I have googled a code for searching a key in python defaultdict using binary search. I have implemented it as

import collections
import bisect

class MyDict(collections.Mapping):
  def __init__(self, contents):
    "contents must be a sequence of key/value pairs"
    self._list = sorted(contents)
  def __iter__(self):
    return (k for (k, _) in self._list)
  def __contains__(self, k):
    i = bisect.bisect_left(self._list, (k, None))
    return i < len(self._list) and self._list[i][0] == k
  def __len__(self):
    return len(self._list)
  def __getitem__(self, k):
    i = bisect.bisect_left(self._list, (k, None))
    if i >= len(self._list): raise KeyError(k)
    return self._list[i][1]


mydictionary = {'60': set(['US0596951063']), '61': set(['']), '63': set(['US3385171059']), '65': set(['US0936981085']), '67': set(['']), '69': set(['']), '24': set(['', 'US0191181082']), '25': set(['']), '26': set(['US0301371037']), '27': set(['US0295951059']), '20': set(['', 'US0320157037', 'US0320151097']), '21': set(['']), '22': set(['']), '23': set(['']), '29': set(['']), '2': set(['']), '6': set(['']), '8': set(['US0077371096']), '99': set(['']), '98': set(['']), '91': set(['US1104481072']), '15': set(['']), '93': set(['']), '92': set(['US0976981045']), '94': set(['', 'US1025651084']), '97': set(['US0885771016']), '96': set(['', 'US0557101070']), '11': set(['']), '10': set(['']), '13': set(['']), '12': set(['US9099121074']), '59': set(['US09247Q1067']), '58': set(['US0576652004']), '17': set(['']), '16': set(['']), '19': set(['IL0006320183']), '54': set(['US0405151087']), '51': set(['']), '50': set(['US05343P1093']), '53': set(['']), '18': set(['US0080153077']), '90': set(['US0682211000']), '88': set(['', 'US0826571079']), '82': set(['US0582641025']), '80': set(['US0571491069']), '81': set(['US0928281023']), '86': set(['', 'US1030431050']), '87': set(['US05564T1034']), '84': set(['US0565251081']), '46': set(['US0303711081']), '47': set(['', 'US00753P1030', 'US00163U1060']), '45': set(['US22149T1025', 'US2274781044']), '42': set(['US2947007033']), '40': set(['US61747Y6914']), '41': set(['', 'US8814482035']), '5': set(['US0245914066', 'US0245911096']), '7': set(['US0048161048']), '9': set(['US0063513081']), '76': set(['US0905722072']), '74': set(['LR000A0D81P7']), '72': set(['US0668491006']), '71': set(['CA08135F1071']), '102': set(['US1484111018']), '100': set(['US13971R3066']), '101': set(['US1330341082']), '79': set(['']), '78': set(['']), '33': set(['', 'US00215F1075', 'US0490792050']), '32': set(['', 'US0373471012']), '31': set(['']), '30': set([''])}

d = MyDict(mydictionary)
r = d.__getitem__('84')
print r

i'm newbie to python and algorithms, can anyone help me please.

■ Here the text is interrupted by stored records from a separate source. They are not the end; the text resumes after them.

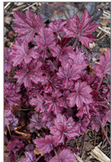
Wild Rose Coral Bells foliage
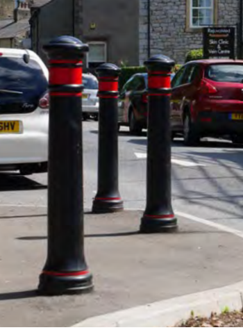
Glasdon Manchester™ Bollard
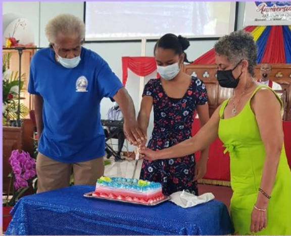
The cutting of the cake.

185 Years of Grace Rooted. United. Connected
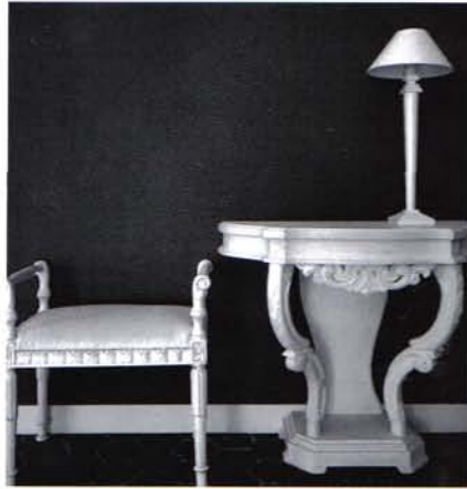
Maximum impact, minimum expense – the interiors have been curated with great flair
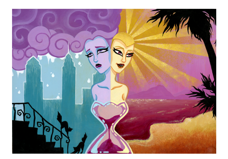
Illustration United States
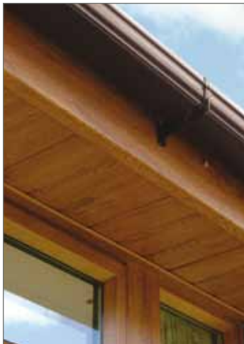
Property with standard fascia boards in Golden Oak finish

PVC-U fascias, soffits and roof trims will brighten up your property, giving it a fresh new lease of life. All roofline products are available in a range of colours and woodgrain finishes to suit individual property styles and personal tastes. You can also choose plain flat boards for a simple, contemporary look, or sculpted 'ogee' style options for a more decorative finish.
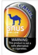
SNUS Mellow 105227
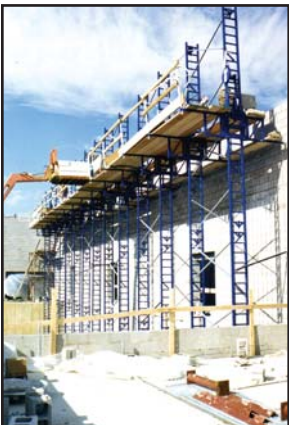
MASON KING ADJUSTABLE SCAFFOLDING

PRE-SORTED FIRST CLASS MAIL US POSTAGE PAID HAVERTOWN, PA PERMIT #45
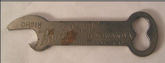
B-18-UL Tonawanda (first beer opener found from this NY town) (sold for $154.50). Right: CBO-PKT-10 Smokecraft Segars (sold for under $10 on eBay).

Opener, Small Cast Iron Pistol Shaped w/ Bottle Opener Hook & Ivory Grips, 4, $280.99 Z-Opener, US 1934 Chase "Squeezit" Bottle Opener, 6, $32.50 Z-Opener, US 1934 Chase "Squeezit" Bottle Opener, 8, $37.00 Z-Opener, US 1934 Chase "Squeezit" Bottle Opener, 8, $37.29 Z-Opener-AUS, Wooden Marble Top Bottle Opener Cook Supplies, 8, $321.50
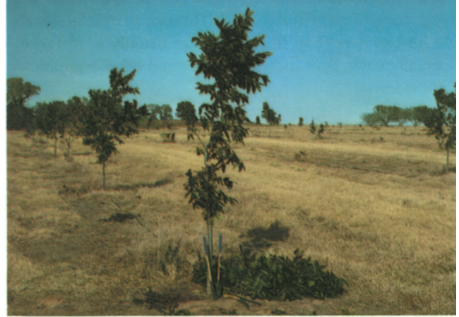
Figure 5. A 'trashy' trunk tree. Temporary growth is allowed to grow on the central leader (trunk) below the height of the first scaffold limb during the first three or four years. This 'trashy' temporary growth is restricted to 6 to 10 inches by pinching. Each shoot is removed in lieu of new growth when the shoot exceeds 1 inch in diameter.
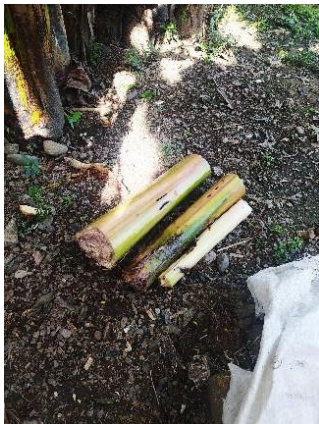
Fig. 2. Collection and preparation of Banana Pseudo-Stems.

The banana plantation was visited in Rizal, Cagayan, to ask permission from the owner to get some of the banana (Saba) trees that have been harvested. It was cut into one-meter lengths and transported to Tuguegarao City for preparation in Fig. 2. This process helped the owner reduce the agro-waste by converting it into more useful materials such as the net.
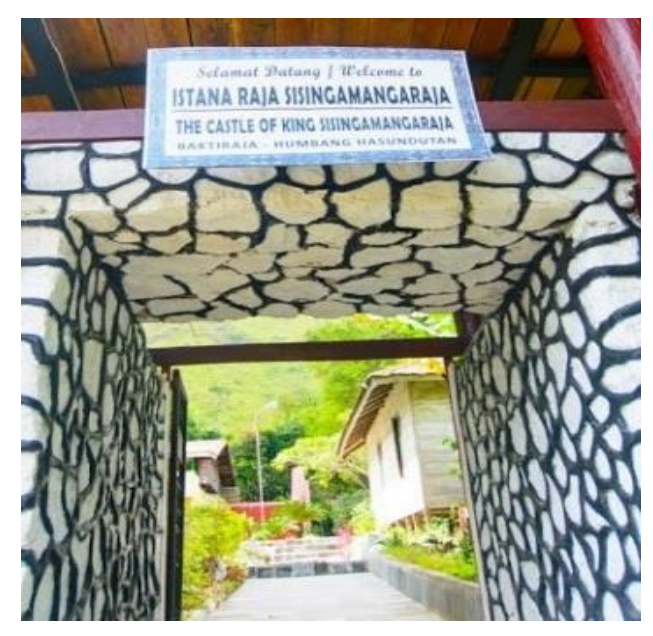
Figure 4. Palace of King Sisingamangaraja

Destination location tour This is in the Village Simamora (Bakkara ), District King 's Service . Tourist location history which is location headquarters struggle of King Sisingamangaraja -XII and from here it is he devising a war strategy the guerrilla. That said at headquarters here it is all goods magic and the weapon he uses for war on save But after his death headquarters it's on fire and stuff the much is lost. A existing monument there is monument The struggle of King Sisigamangaraja -XII is also called Sinom hudon .

I am getting this below error

Traceback (most recent call last):
  File "search.py", line 24, in <module>
    i = d.__getitem__('84')
  File "search.py", line 17, in __getitem__
    if i >= len(self._list): raise KeyError(k)
KeyError: '84'

Solution

  • The problem is that when you pass a dictionary to your __init__:

    self._list = sorted(contents)
    

    Then self._list is a list of the keys of the dict:

    In [5]: my_dict
    Out[5]: {'a': 1, 'b': 2}
    
    In [6]: list(my_dict)
    Out[6]: ['a', 'b']
    
    In [7]: sorted(my_dict)
    Out[7]: ['a', 'b']
    

    So now your self._list attribute is a list of strings, but then in __getitem__:

     i = bisect.bisect_left(self._list, (k, None))
    

    You try to bisect it with a tuple, ('84', None') forcing a comparison between a string and a tuple, but in Python 2, unfortunately, this is allowed and always evaluates a string as less than a tuple.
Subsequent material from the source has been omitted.